Marxist writer and activist Greg Sharzer points out in his new book No Local that Kenyan rose growers produce less carbon dioxide than Dutch growers. Large scale container and rail shipping means importing frozen fish to the UK emits less carbon than growing fresh fish locally. He says “the distance between farm and market isn’t an accurate gauge of environmental costs.”
I expect there’re strong parallels between food and the manufacture of goods. In fact the inputs required for tennis balls – like clay and wool – might well be cheaper to ship than food as they require less demanding environmental controls.
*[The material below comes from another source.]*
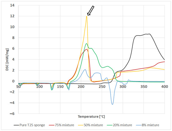 The behavior of the 8% mixture was relatively similar. One can observe peaks indicating a similar course of the decomposition reaction. However, the temperatures at which similar processes probably take place change significantly. While the course of the AN melting reaction was almost identical, the decomposition of the mixture itself was much smoother, additionally illustrated by the lower reaction enthalpy value of −878 J/g (

Also, the reason clay used to make tennis balls is cheaper to import might be because clay in the USA is cleaner and easier to extract than it is in the UK (or Bataan). If so, that could mean it requires less energy to collect and process.
The “50,000 miles” figure is misleading. Adding all the miles for tennis ball inputs together without weighting them by the relative quantities involved doesn’t provide an accurate figure. For example, some of the quantities (Magnesium carbonate?) might be quite small. Wool and felt account for 37% of that 50,000 miles yet their respective contributions by weight to the manufacture of a tennis ball isn’t explained.
Damien Carrington appears to have equated distance with emissions. I can’t say if that is or isn’t true in the specific case of the tennis balls produced for Wimbledon, but as a general rule simply adding the raw miles together overlooks a lot of other considerations.
As with food, the bulk of emissions associated with goods are likely to come, on average, from manufacturing rather than from transportation. And it should be borne in mind that the key source of emission associated with Wimbledon isn’t tennis balls or scones, but rather all those patrons travelling within and to the UK for the event.
It’s neither here nor there really, but if it’s assumed the input source countries remain the same, it appears from the exhibit that there are fewer (unweighted) miles associated with manufacturing tennis balls in Bataan than in Barnsley. Differences in environmental regulation might be a more significant factor.